*DATASET EXCERPTS*.

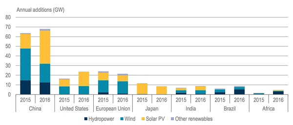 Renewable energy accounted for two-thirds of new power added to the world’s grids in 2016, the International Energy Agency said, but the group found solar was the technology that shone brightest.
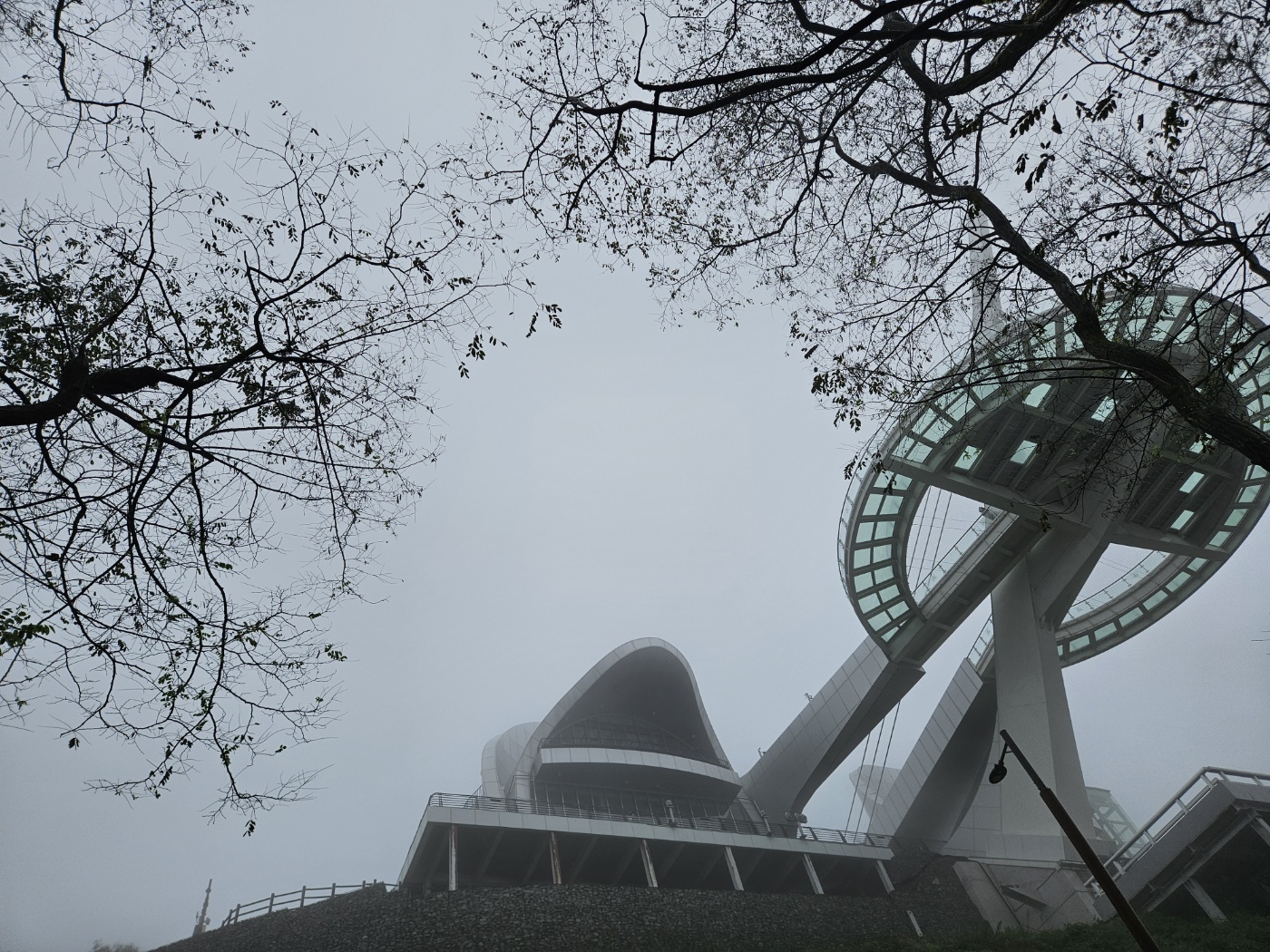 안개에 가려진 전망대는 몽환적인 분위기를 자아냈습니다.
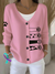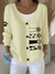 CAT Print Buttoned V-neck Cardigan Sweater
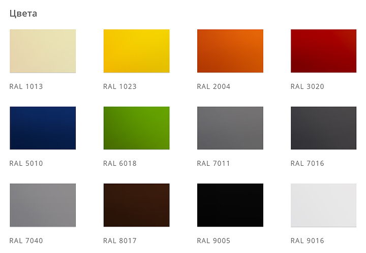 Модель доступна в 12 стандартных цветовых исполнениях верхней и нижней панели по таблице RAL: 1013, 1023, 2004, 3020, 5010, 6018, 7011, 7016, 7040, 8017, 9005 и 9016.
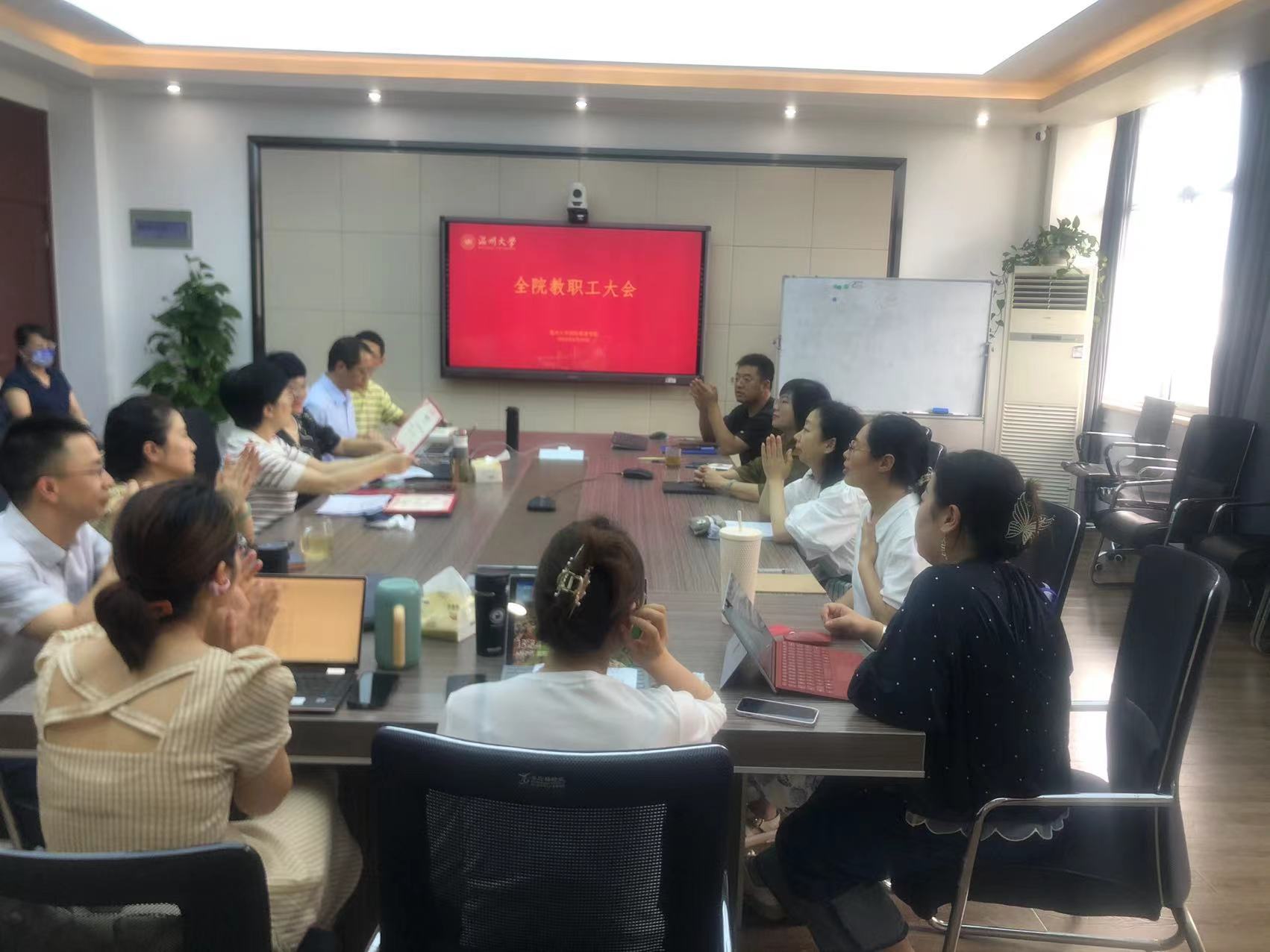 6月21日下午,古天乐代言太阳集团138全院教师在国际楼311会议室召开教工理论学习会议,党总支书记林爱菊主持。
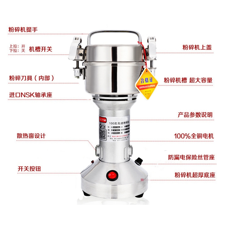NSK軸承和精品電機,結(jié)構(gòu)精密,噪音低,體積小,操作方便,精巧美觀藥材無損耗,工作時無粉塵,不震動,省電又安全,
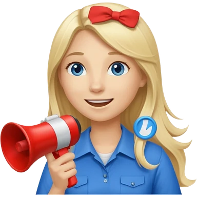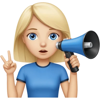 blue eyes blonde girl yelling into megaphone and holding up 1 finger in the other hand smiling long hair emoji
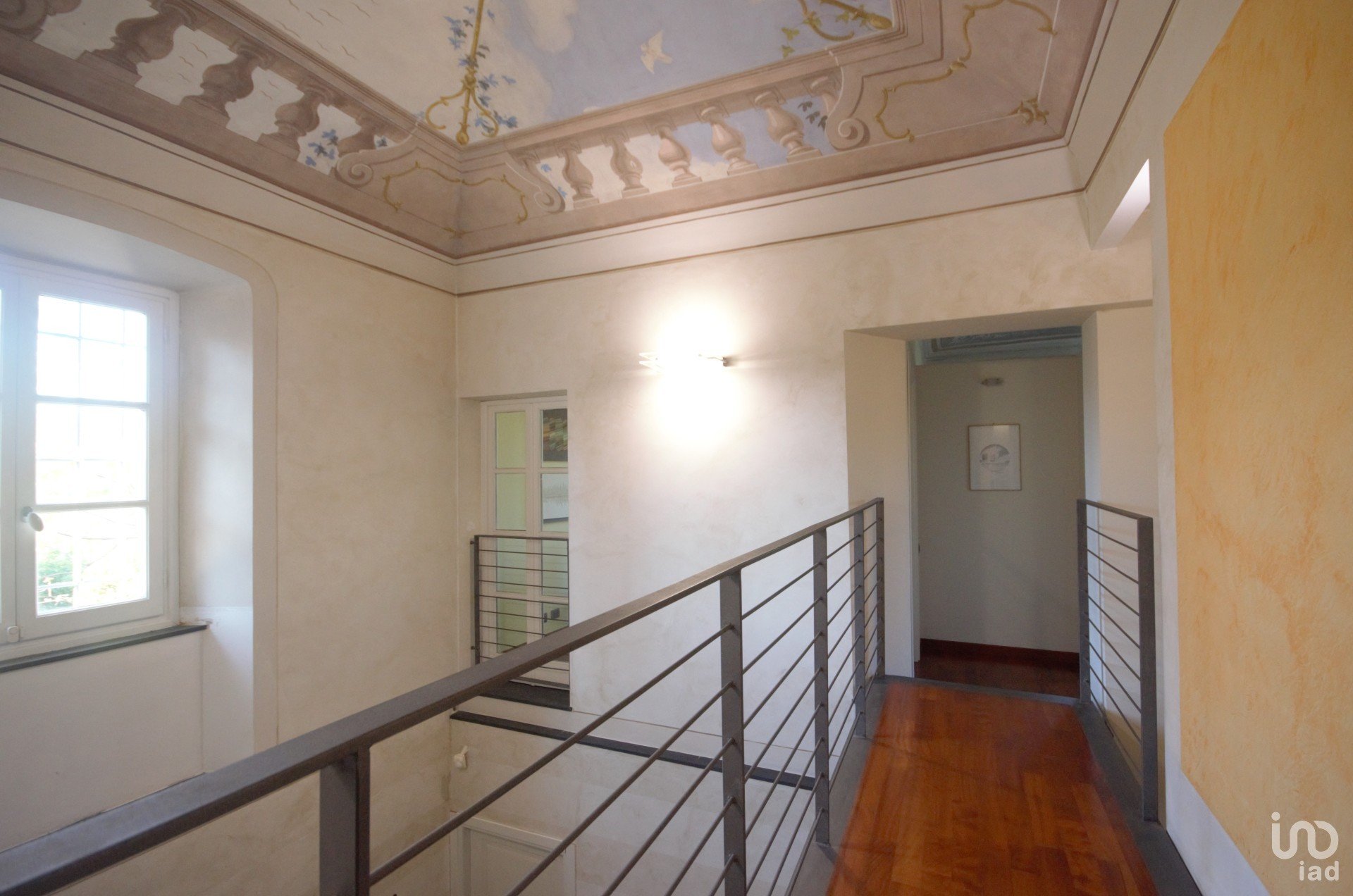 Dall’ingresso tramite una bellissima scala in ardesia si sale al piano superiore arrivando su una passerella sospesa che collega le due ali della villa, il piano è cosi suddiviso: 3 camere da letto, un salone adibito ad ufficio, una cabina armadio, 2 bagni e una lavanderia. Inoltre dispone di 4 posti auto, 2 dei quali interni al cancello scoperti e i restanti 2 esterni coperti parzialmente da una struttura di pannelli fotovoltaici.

*TASK TO CARRY OUT*. Copy word for word each line of the data above, from the first through the one containing "CAT Print Buttoned V-neck Cardigan Sweater", and include no pictures.

*EXERCISE OUTPUT*.
 Renewable energy accounted for two-thirds of new power added to the world’s grids in 2016, the International Energy Agency said, but the group found solar was the technology that shone brightest.
 안개에 가려진 전망대는 몽환적인 분위기를 자아냈습니다.
 CAT Print Buttoned V-neck Cardigan Sweater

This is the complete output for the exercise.